▶ [Your instructions]:
Beginning at the line that contains "7回表、最後の攻撃になります。ベンチ前で監督の話を聞きます。", repeat each line exactly through the last one of the records below, and leave out the pictures.

┌────────

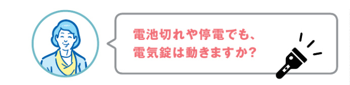 万が一の停電や電池切れの際も施錠開錠は可能です。
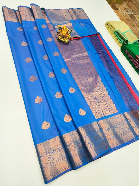 New Design High Fancy Kanjivaram Silk Saree Mix Blue Color w/ Blouse
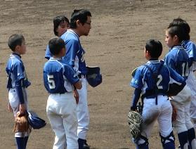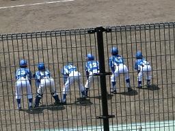 7回表、最後の攻撃になります。ベンチ前で監督の話を聞きます。
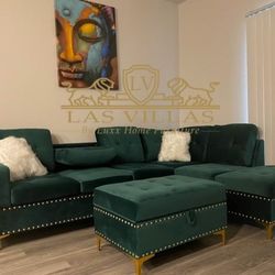 Brand New// Gray Velvet Sofa Chaise, Seccional, Couch, Sectional// Delivery Available $1,019Houston, TX
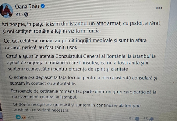 Romanya Dışişleri Bakanı Oana Țoiu, Facebook sayfasında yaptığı açıklamada, cumartesi gecesi İstanbul'da Taksim Meydanı'nda meydana gelen silahlı saldırıda iki Rumen vatandaşının yaralandığını duyurdu. İki Rumen vatandaş, şehirde düzenlenen kültürel bir etkinliğe katılan bir grup vatandaşıydı.
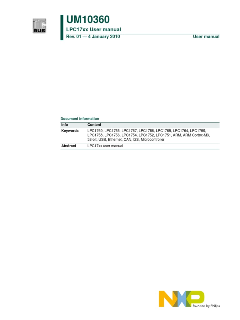 • LPC1758, LPC1767, and LPC1768 have been added to the keywords list on the front cover,
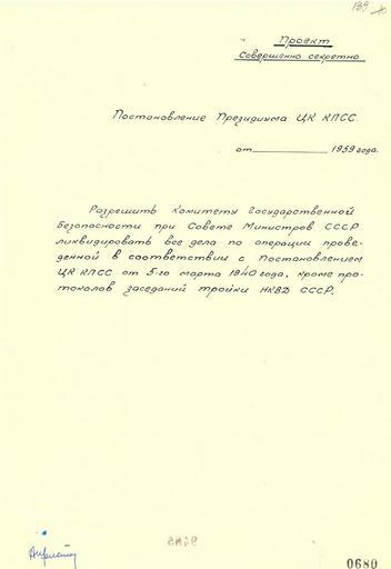 | Keywords: Записка председателя КГБ при СМ СССР А.Н. Шелепина Н.С. Хрущеву 3.jpg A memo from head of KGB Alexander Shelepin to Nikita Khrushchev about the liquidation of all case records of Polish nationals executed in 1940 with an attached project of a Presidium resolution Handwritten Записка п едседателя КГБ п и С СССР А Шелепина С Х ущеву о ликвидации всех учетных дел на польских г аждан асст елянных в 1940 г с п иложением п оекта постановления П езидиума ЦК КПСС Рукопись Russian State Archive of Socio-Political History http //rusarchives ru/publication/katyn/05 shtml РГАСПИ Ф 17 Оп 166 Д 621 Л 139 1959-03-03 Шелепин Александ иколаевич PD-RU-exempt <gallery>File 1959-03-03 shelep3 png</gallery> Katyń Massacre 28 April 2010 Documents |
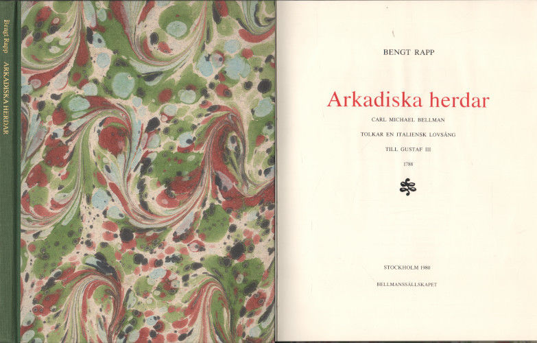 Stockholm: Bellmanssällskapet, 1980. Upplaga 600 exemplar. 64 s. 26,5x20,5 cm. Inbunden i förlagets klotryggsband med marmorerat pärmpapper. Illustrerad i svartvitt. ISBN 9197030503
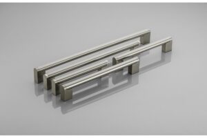 Ручки мебельные UZ-336 доступны в цвете шлифованная сталь в семи размерах: 128 мм, 160 мм, 192 мм, 256 мм, 320 мм, 416 мм, 480 мм.
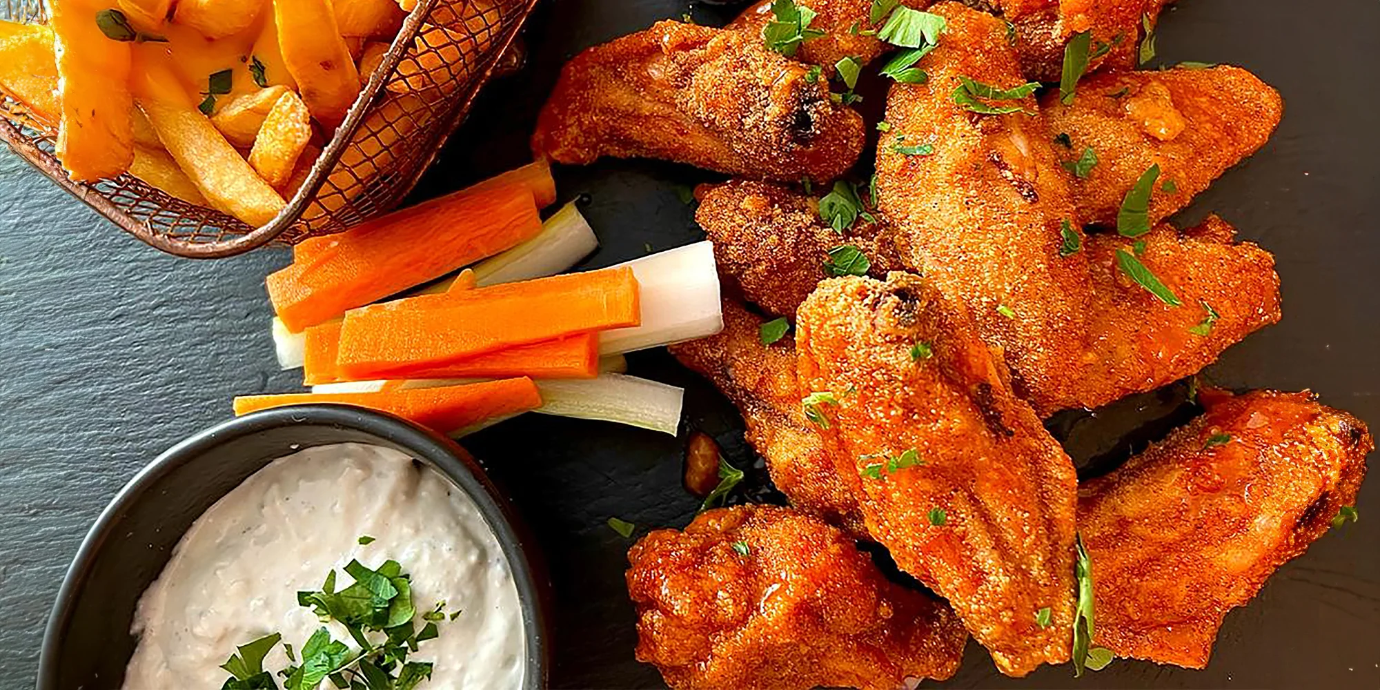 - Buffalo wings (pikantné) - tradičné vyprážané pikantné krídelká preliate buffalo omáčkou + raw mrkvové a zelerové hranolčeky + bluecheese dressing

└────────

▶ [Task solution]:
 7回表、最後の攻撃になります。ベンチ前で監督の話を聞きます。
 Brand New// Gray Velvet Sofa Chaise, Seccional, Couch, Sectional// Delivery Available $1,019Houston, TX
 Romanya Dışişleri Bakanı Oana Țoiu, Facebook sayfasında yaptığı açıklamada, cumartesi gecesi İstanbul'da Taksim Meydanı'nda meydana gelen silahlı saldırıda iki Rumen vatandaşının yaralandığını duyurdu. İki Rumen vatandaş, şehirde düzenlenen kültürel bir etkinliğe katılan bir grup vatandaşıydı.
 • LPC1758, LPC1767, and LPC1768 have been added to the keywords list on the front cover,
 | Keywords: Записка председателя КГБ при СМ СССР А.Н. Шелепина Н.С. Хрущеву 3.jpg A memo from head of KGB Alexander Shelepin to Nikita Khrushchev about the liquidation of all case records of Polish nationals executed in 1940 with an attached project of a Presidium resolution Handwritten Записка п едседателя КГБ п и С СССР А Шелепина С Х ущеву о ликвидации всех учетных дел на польских г аждан асст елянных в 1940 г с п иложением п оекта постановления П езидиума ЦК КПСС Рукопись Russian State Archive of Socio-Political History http //rusarchives ru/publication/katyn/05 shtml РГАСПИ Ф 17 Оп 166 Д 621 Л 139 1959-03-03 Шелепин Александ иколаевич PD-RU-exempt <gallery>File 1959-03-03 shelep3 png</gallery> Katyń Massacre 28 April 2010 Documents |
 Stockholm: Bellmanssällskapet, 1980. Upplaga 600 exemplar. 64 s. 26,5x20,5 cm. Inbunden i förlagets klotryggsband med marmorerat pärmpapper. Illustrerad i svartvitt. ISBN 9197030503
 Ручки мебельные UZ-336 доступны в цвете шлифованная сталь в семи размерах: 128 мм, 160 мм, 192 мм, 256 мм, 320 мм, 416 мм, 480 мм.
 - Buffalo wings (pikantné) - tradičné vyprážané pikantné krídelká preliate buffalo omáčkou + raw mrkvové a zelerové hranolčeky + bluecheese dressing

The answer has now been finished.